In my town lives a master carpenter named Chris. He donates his time to serve on the town historical preservation board, and he donated his time last fall to supervise a bunch of Saturday amateurs who volunteered to help rebuild a dilapidated but beloved local building. It was in this context that Chris provided a sweet example of a carpenter’s jig.
A jig is a made up structure which holds your work in place while you are performing a carpenter’s task such as sawing, drilling or glueing. A jig is handy if you are doing a number of repetitious operations (for example, drilling a row of holes at exactly the same position in a cabinet so you can hang a perfectly level shelf) but can also be used for a one-time operation if you don’t trust your ability to control an unpredictable process when wood meets a powerful force.

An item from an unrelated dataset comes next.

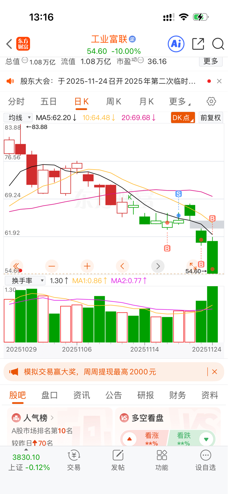 $工业富联(SH601138)$ 被我买崩了的吗?

Making a jig is one delineator between a carpenter who cares about their work and a hobbyist tacking boards together. It’s the physical embodiment of laying the groundwork which a good marketer is going to do as well: define your problem, determine how you are going to approach it, then be clear in your mind about your plan of attack so you don’t get distracted and veer off course during the executional phase. Good copywriters do this without even thinking about it; less-good copywriters just hammer away.
But back to Chris’ jig. The job given to me and a couple of other guys was to hang siding along a 20 foot run. As he described the project Chris asked me, “do you want a jig?” That was music to my ears. Each row of siding needs to be perfectly level and it needs to overlap the previous row at exactly the same measure from the bottom. Trying to eyeball this with a long floppy board would create something ugly. So Chris made a jig. He took a 10” length of 2×4, ripped it down the middle to the 6” mark, then turned it 90 degrees and made a crosscut that met the first one to create a piece that looked like an L if you held it sideways. And then he made another jig exactly the same as the first one. If each guy takes a jig and fits in the shelf of the L under the previous row of siding, then rests the next piece on the top of the L, the work is in perfect position to nail into place.
Now it may occur to you there would be an easier way to do exactly the same thing. Just get two pieces of wood (you could even use scraps from the siding) then fasten them together offset at 6” to produce the two shelves you need to hold the work. But Chris did it the hard way because it gives him pleasure to make something that works well. Not a bad role model for copywriters.